De nombreuses fonctions métaboliques humaines ne fonctionnent correctement que si le taux d'acidité du corps reste neutre et stable. Pour les humains, par exemple, un pH sanguin compris entre 7,35 et 7,45 est normal. ? titre de comparaison, l'estomac à jeun est extrêmement acide et le pH est de 1,5.

La plage de pH étroite est constamment surveillée dans le corps et compensée très rapidement en cas d'écart par rapport aux valeurs de pH théoriques. En effet, si les solutions aqueuses dans le corps deviennent ne serait-ce que légèrement plus acides, de nombreuses protéines ne peuvent plus assumer leurs fonctions.
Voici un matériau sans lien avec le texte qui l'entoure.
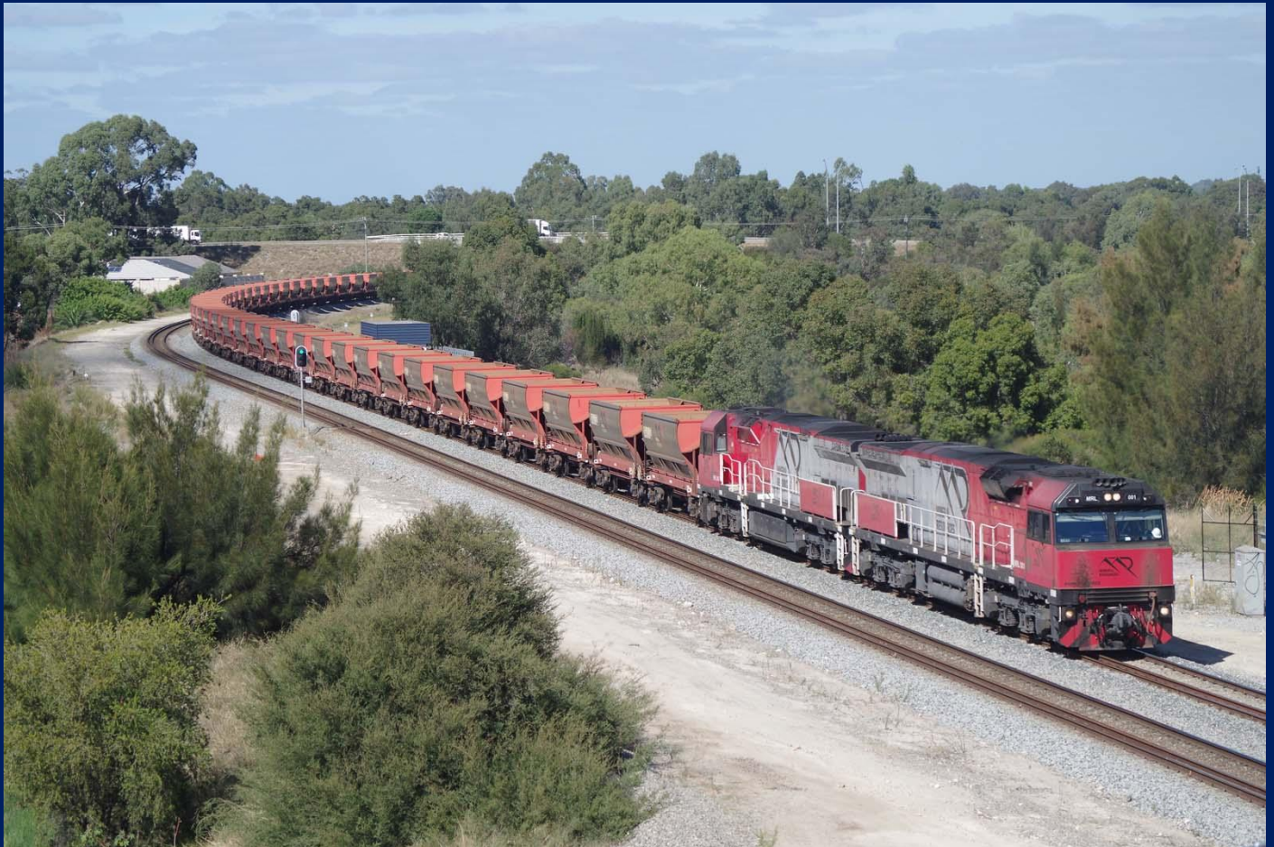
MRL001 & MRL005 on 4033 empty Polaris ore to Mt Walton Welshpool April 12th.

Elles deviennent instables, modifient leur structure ou leurs interactions avec d'autres protéines. Des voies métaboliques entières cessent alors de fonctionner.

Les personnes souffrant de diabète de type 1 sont particulièrement touchées par l'acidose. L'insuline, l'hormone qui régule le taux de glucose dans le sang, leur fait complètement défaut. Les cellules du corps ne peuvent donc pas absorber le glucose du sang et doivent puiser dans une autre source d'énergie : les réserves de graisse. Le foie produit alors un acide, le bêta-hydroxybutyrate, qui alimente les muscles et le cerveau en énergie via la circulation sanguine. Cependant, si les réserves de graisse continuent d'être utilisées, la quantité d'acide produite est telle que le pH du sang baisse de manière drastique. Pendant ce temps, les molécules de sucre circulent dans le sang sans être utilisées. Si le manque d'insuline n'est pas remarqué ou traité à temps, les patients atteints de diabète de type 1 peuvent mourir d'une "acidocétose" - un excès de bêta-hydroxybutyrate et le choc métabolique qui en résulte.

Un capteur mesure l'acidité

Or, des bio-ingénieurs du Département des systèmes biologiques (D-BSSE) de l'ETH à B?le ont mis au point une nouvelle prothèse moléculaire composée de deux modules : un capteur qui mesure constamment l'acidité du sang et un circuit de régulation génétique qui produit la quantité d'insuline nécessaire. Les deux modules sont construits à partir de composants biologiques tels que différents gènes et protéines et ont été intégrés dans des cellules rénales en culture. Les chercheurs ont placé des millions de ces cellules sur mesure dans des capsules qui peuvent être implantées dans le corps.

La pièce ma?tresse de la prothèse moléculaire est le capteur de pH. Celui-ci mesure avec précision le degré d'acidité du sang et réagit de manière sensible à de faibles écarts par rapport à la valeur théorique du pH. Si le pH descend en dessous de 7,35, le capteur envoie un signal pour déclencher la production d'insuline. Un pH aussi bas est spécifique au diabète de type 1. Certes, le pH baisse également en cas d'abus d'alcool ou d'activités sportives en raison de l'acidification des muscles, mais il ne descend pas en dessous de 7,35 dans ces cas d'acidose. L'hormone insuline fait en sorte que les cellules normales du corps réabsorbent le glucose et modifient leur métabolisme pour passer de l'utilisation des graisses à celle des sucres. La valeur du pH augmente alors à nouveau. Lorsque le pH de consigne est atteint, le capteur s'éteint et les cellules reprogrammées cessent de produire de l'insuline.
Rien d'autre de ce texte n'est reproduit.